Em “Cantagalo”, Praxedes divide o protagonismo com suas três filhas, subjugando-as a situações de meros objetos, além de castrar e renegar mínima desobediência. Tudo como aprendeu com o pai, notadamente no relacionamento com a primogênita Leopoldina, fruto da relação incestuosa. No desenvolvimento da história, a autora aproveita justamente a desenvoltura da personagem para mostrar os bastidores dos colégios de freiras e das noites maldormidas os becos de Ouro Preto, velha capital das minas, que são gerais.
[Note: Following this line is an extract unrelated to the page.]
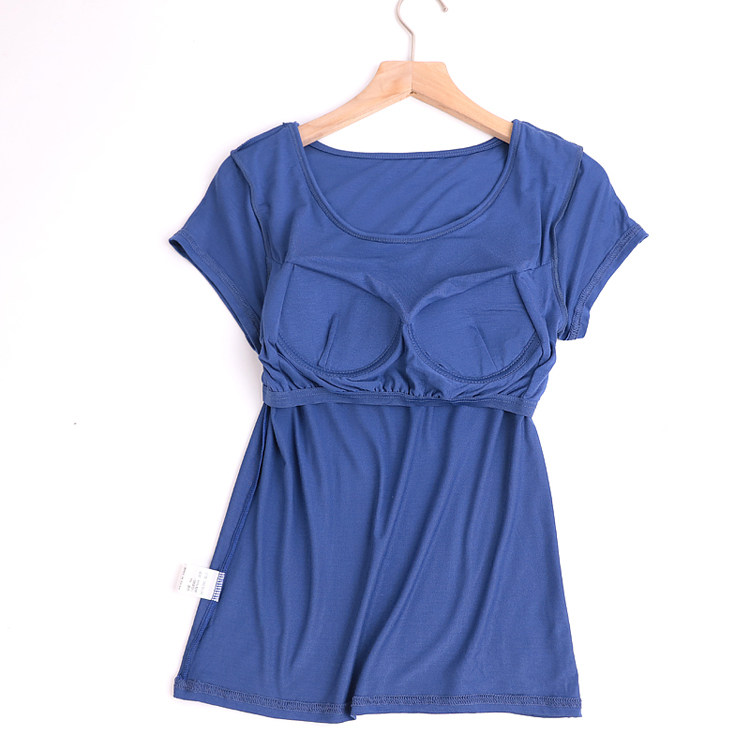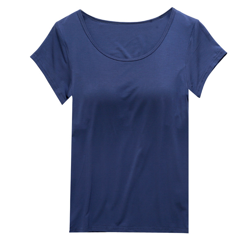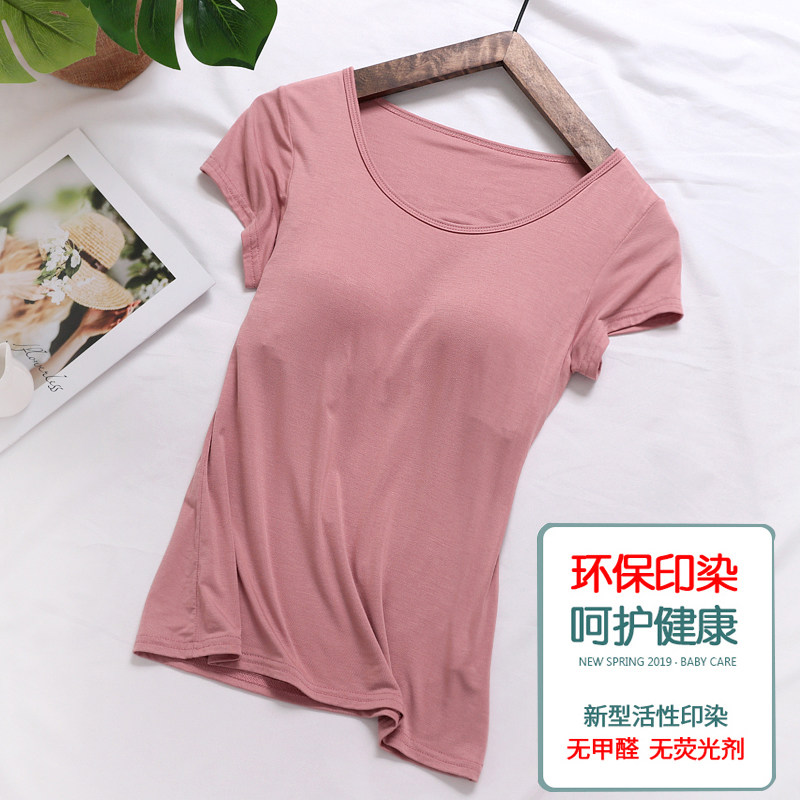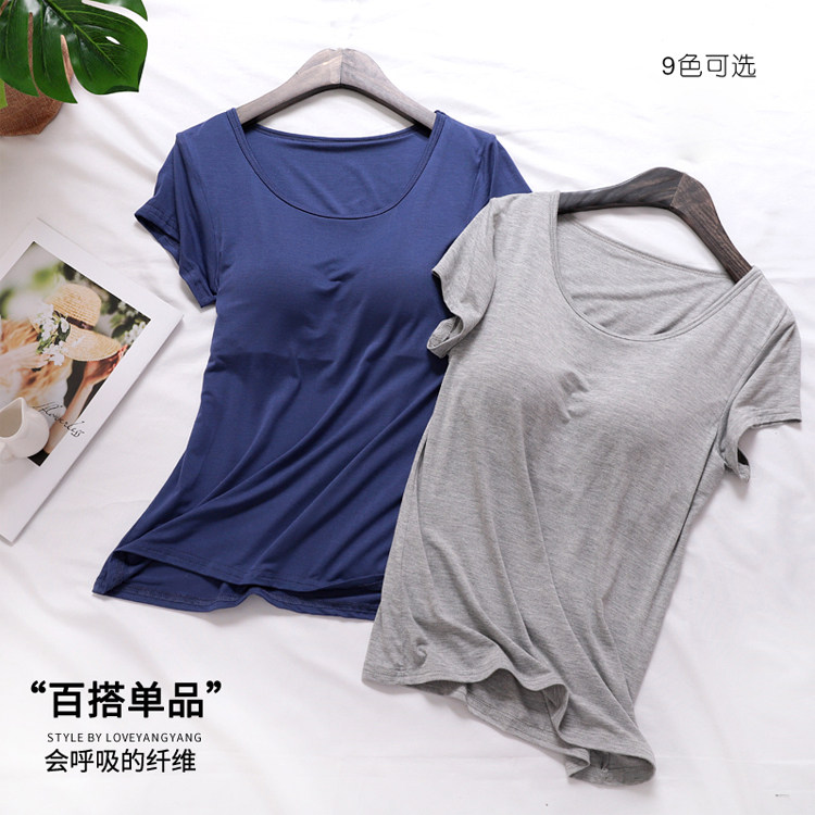 Modale with chest cushion short sleeve T-shirt sleepwear woman summer loose bra-free bra-free undershirt big code sports blouses-Taobao

A segunda filha, batizada de Agripina e desdenhada como “encardida”, teve final feliz ao ser pedida em casamento por um doutor médico, filho do barão da Fazenda Ponte Alta. Já Antônia Honória, de bochechas rosas, foi oferecida ao tio seminarista Modesto Lima, seu irmão temporão, incluindo a promessa de usufruto do título de barão. Justo ela, a vermelhinha Tonica, homenageada com o nome do avô, que todo mundo achava muito parecida com o italiano Galego, casca de ferida contratado para entalhar o brasão da Família Lima na porta do casarão. Par constante de Praxedes nos embalos de sábado à noite, Galego simplesmente desapareceu do mapa após o nascimento da menina cor-de-rosa. 

Como exemplo do texto expressivo de Fernanda Teixeira Ribeiro, vale reproduzir o diálogo de convencimento de Praxedes para casar o irmão mais novo, notório bon vivant, com sua filha de cabelos loiros-afogueados: “Por que se espanta? Meu marido era meu primo, mamãe e papai também eram primos, você se casa com uma Lima, assim que é, se quer ser barão. Antes de tudo, o nome…é um acordo dos melhores…quem ganha é o Cantagalo. Sempre Cantagalo. Se quer ser barão, passe o Cantagalo na frente, o cafezal antes de tudo, a família…garanto que você ainda me agradecerá por abrir seus olhos. Venha, beije minha mão…você está perdoado…”.

A propósito dos casamentos avunculares e consanguíneos, abordados com naturalidade no livro, não deixa de ser curioso o espaço dedicado à politização e reprodução artificial de pisum. Plantinha de ciclo curto, porém de diversas cores e características, pródiga em várias gerações em pouco tempo, ela foi usada em meados de 1800 nos experimentos de Gregor Mendel, considerado pai da genética, para avançar nos estudos sobre hereditariedade.

Enfim, se já não bastasse tanto simbolismo e misticismo na trajetória desta família inter-racial, Fernanda Teixeira transfere para o final do livro o desfecho misterioso para dois personagens-chaves da trama. A louca varrida Pulidóra, aliada do capeta e de risadas extravagantes, e a curandeira Iamiana das Flores, useira e vezeira de roupas coloridas, sempre enfeitada com pulseiras, tornozeleiras e balangandãs nos dois braços.

Mais do que isso só lendo o livro.

Ivan Mendonça é jornalista e autor do livro “O Espião do Morro”, lançado em 2019 pela Editora Kelps, sobre entrelinhas e mutações do jornalismo e do poder político em Goiás.